I ran into a question about how VAR is smaller for shorter timer periods, which makes perfect sense to me, less time for things to go wrong, no need to discuss this.

But the conversion of VAR for time periods seems to contradict this:

If I have annual VAR computed with annual mean and annual variance, then I can compute the monthly VAR by doing this:

annual mean/12=monthly mean

annual std/sqrt(12)=monthly std

Now the mean becomes smaller as it is divided by 12, but the STD does only get divided by sqrt(12), a smaller number. That is, relatively speaking, the STD decreased by less than the mean.

If I apply the computation of the 5% VAR: monthly mean- 1.65 monthly std

This number should be more negative than the annual STD. So as the time period gets smaller, the VAR should increase? Am I missing something here?

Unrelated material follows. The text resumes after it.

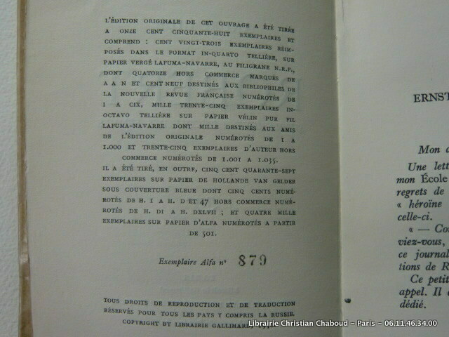 Paris, Librairie Gallimard, Editions de la Nouvelle Revue Française, 1930. Edition Originale. In-12 broché, 89 p. Exemplaire n° 327 / 1035 (/1158) sur vélin pur fil. Feuille volante : Errata. Très bon état.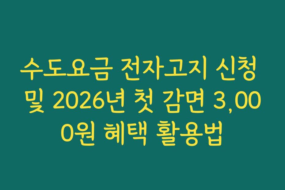 수도요금 전자고지 신청 및 2026년 첫 감면 3,000원 혜택 활용법에 대해 궁금하신가요. 📌 매달 고정적으로 나가는 수도요금을 줄이는 방법을 찾고 계신다면 이 글이 해결책이 될 거예요. 최신 정보와 함께 실질적인 팁을 제공하니 끝까지 읽어보세요.

Guess it decreases at a decreasing rate?

You’re right. I’ve read in Schweser that “in most cases” daily mean returns are close to 0. Which reduces your scaling problem to just the square root of N, hence VAR stays proportional. This is for example the case in the Apollo Bank case in the 2018 AM (multiple choice) mock.

Does that mean that the intuitive answer that VAR for smaller periods is smaller is wrong?

Which Mock is that again? Schweser 2018?? I could not find that example in there. They had a VAR question where the VAR became smaller for smaller periods.

In absolute sense it’s always lower since your dividing by a larger number going from e.g. annual to daily. Relatively it will stay the same in the case of daily returns being (near) zero (the difference between mean divided by N vs. standard deviation divided by square root of N will be really small). Relatively it might decrease at a decreasing rate like Benjamin mentioned if daily returns are non-zero.

I was referring to official CFAI mock.

how to calculate annual std dev of returns:

  1. calculate daily returns

  2. calculate std dev of these returns

  3. convert from daily to annual std dev:

annual SD = daily SD x sqrt (252)

monthly SD = daily SD x sqrt (12)

if you want to convert annual to daily, you divide by sqrt (252)

Thanks Moonborne.

I agree with the point that if the mean is close or equal to zero, this should not be a problem. That is, the smaller time periods should have smaller VARs, since going to smaller time periods won’t change the mean (0 divided by something remains zero), but the STD will become smaller.

HOWEVER, regarding my original statement, I think I made a mistake (so you guys are right about the decreasing at a decreasing rate thing):

Consider this example:

annual mean is 12, annual STD is also 12. Now the 5% VAR is: 12-1.65*12=-7.8

monthly mean is 12/12=1

monthly STD is 12/sqrt(12)=-3.46

Monthly VAR is: 1-1.65*3.46=4.79

So the smaller time period VAR does indeed become smaller, maybe at a smaller rate, but it is still smaller, which is perfectly in line with what you would intuitively expect. Thanks for the help everyone.

Akthem: Thanks for your help but I think you misunderstood my question. I know how the conversion works, I did the same thing you show up there, my question was related to the generalization of the relationship between VARs of different time periods.